Если знал, если делал, почему не сказать тогда? Ведь для чего-то хотел он смерти Инвальдру хёвдингу – её отцу.
– Что он сделал тебе? Ну? Говори!
– Мне – ничего… – Голос его был чуть слышимым, но говорил он без страха.
– Зачем тогда? – Нахмурилась Ингигерда, и пальцы её стиснулись в кулаки.
– Так надо…
– Кому – надо? – она быстро задавала вопросы, желая услышать от него как можно больше. Может, хоть как-то пролить свет на случившееся. Отец, вот, тоже раны залечивает. А за что они ему?
– Не мне…
– А кому? Кому? Кому – надо?
Но Арн отвернулся, прикрывая глаза, словно не желая больше разговаривать, и Ингигерда разозлилась ещё больше, стиснула зубы, позвала требовательно, как обычно звала рабыню, когда надо было помочь одеться:
– Арн! Арн? – С каждым разом всё громче и увереннее. – Арн?
Он повернулся, открывая глаза, но прошептал совсем другое:
– Пить…
Она вздрогнула от удивления, от стыда за себя. Он же болен! Чего она хочет от него? Какие могут быть вопросы? Как его можно заставлять сейчас?
– Сейчас…
Налила в чашку воды из кувшина, поднялась на колени, подбираясь к больному ближе. Она не стала поить его с ложки, она приподняла его голову от подушки и поднесла к губам чашку с водой.
– Пей! Сам пей, ты сможешь.
И он смог. Стукнул зубами по глиняному краю, вода прохладой ударила по губам, сделал глоток один, потом другой, пока не выпил всю чашку. Поднял глаза на Ингигерду, глядя снизу и близко, шепнул, отстраняясь:
– Спасибо, красавица…
Руки её вздрогнули при этих словах. «Красавица»! Она помогла ему лечь, укрыла одеялом, сидела на подогнутых ногах, смотрела в бледное лицо, а в ушах это его последнее слово продолжало звучать: «красавица». Опять и опять.

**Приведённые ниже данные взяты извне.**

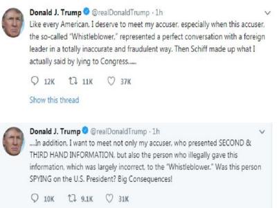 ट्रंप ने ट्वीट किया, 'हर अमेरिकी की तरह मुझे भी मुझ पर आरोप लगाने वाले से मिलने का हक है, खासकर जब यह आरोप लगाने वाला, और तथा कथित 'व्हिशलब्लोअर' जिसने एक विदेशी नेता के साथ सही बातचीत को पूरी तरह तथ्यहीन और गलत तरीके से पेश किया।'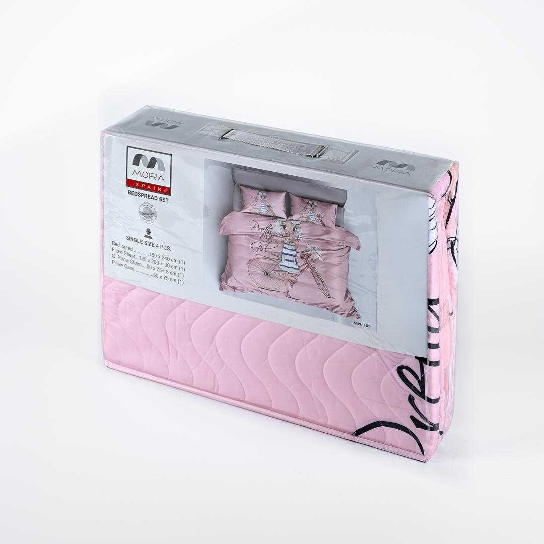 1.غطاء سرير - 180 × 240 سم 1. ملاءة سرير - 120 × 203 + 30 سم 1. وسادة - 50 × 75 + 5 سم 1. غطاء وسادة - 50 × 75 سم - وردي وأبيض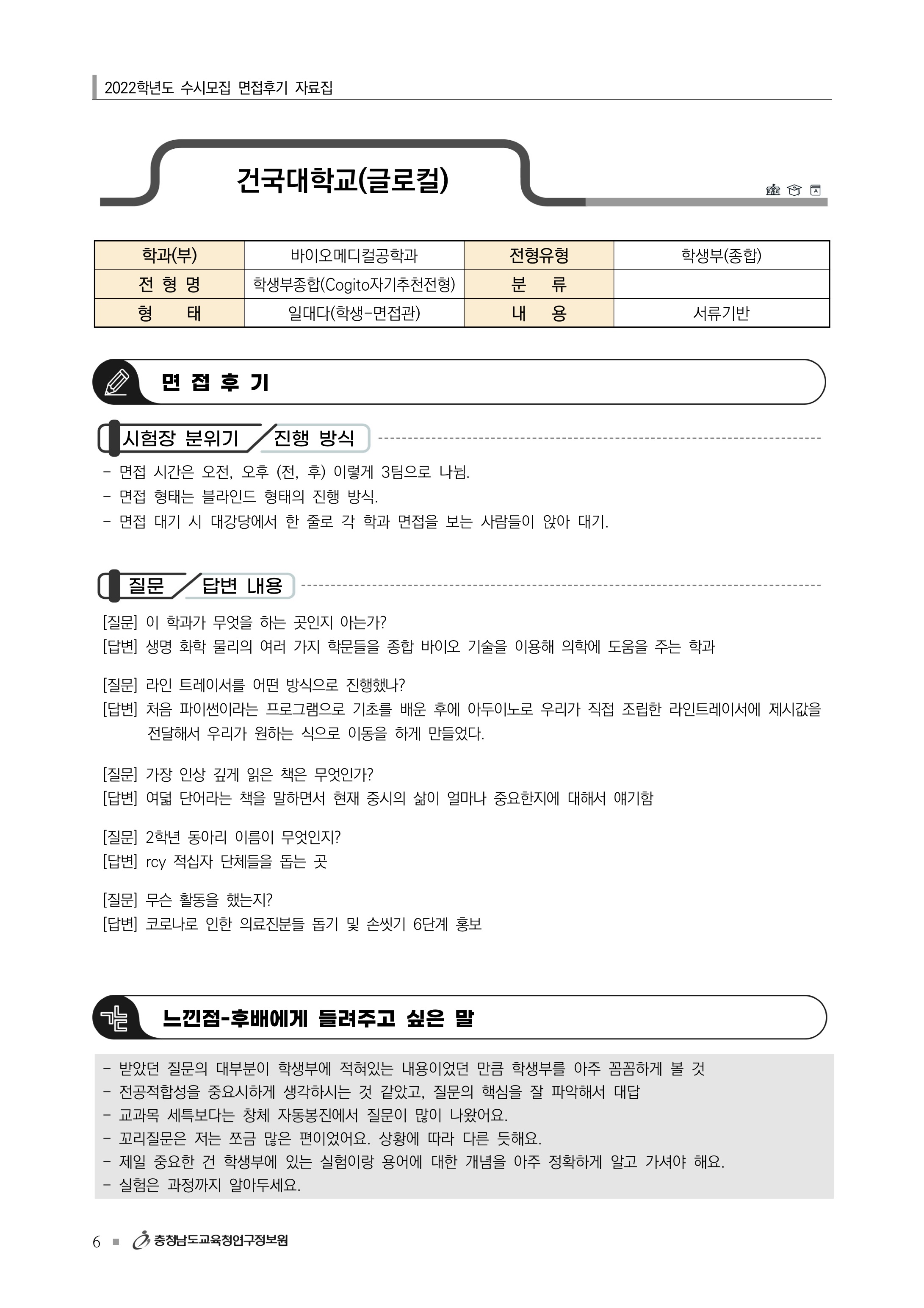 2022학년도 건국대학교 면접 후기16 - 미래에너지공학과 2022학년도 건국대학교 면접 후기17 - 바이오메디컬공학과

Отец и мать говорили ей это слово иногда, но это родители, а он чужой. И голосом говорил совсем не таким, а мягко, словно улыбаясь. А сам не улыбался нисколько.
Она нахмурилась, собрала посуду и поднялась на ноги, выбежала на улицу, даже не заметив прилипшую солому на одежде, пока мать позже не сделала ей замечание.
Глава 3
Ингигерда никому и словом не обмолвилась о том, что Арн ей рассказал,
Сам пришёл сюда, выдав себя за торговца, припрятав меч, желая одного – убить отца. А теперь говорит совсем непонятное: ничего плохого отец не сделал ему, и смерть хёвдинга Инвальдра совсем не ему нужна.
А кому тогда? И за что? Кто может мстить за себя руками чужого? Что за бред! Сущий бред больного!
Она думала об этом, когда вышивала праздничную рубашку для старшего брата в подарок. Скоро приедет он. Его вместе с дружиной привезут из похода корабли Аймунда конунга. Хоган всегда возвращается из таких походов с богатой добычей и всегда привозит что-нибудь любимой сестре в знак внимания: браслет, перстень, амулет, серьги, расшитый платок или пояс, гребень…
Ингигерда мечтательно улыбнулась и оторвалась от вышивки, наблюдая за матерью, прядущей шерсть. День подходил к вечеру. Скоро рабыни позовут за стол, а после ужина, с наступлением ночи, надо ждать прихода утра, когда прекрасная Суль, управляя колесницей Солнца, появится на небе, и два быстроногих коня – Ранний и Быстрый – Арвак и Альсвин – помчат огненный шар через весь небосвод. Начнётся новый день.
* * *
С каждым днём осень всё больше и больше охватывала землю, получала её в свою власть безраздельно, и лето смирилось, иногда лишь слабыми попытками пытаясь пригревать среди дня, овевало опушку леса тёплым ветром или дарило солнечный погожий денёк. И тогда жители усадьбы успевали просушить сено, промокшее в последний дождь, перебрать припасы на зиму.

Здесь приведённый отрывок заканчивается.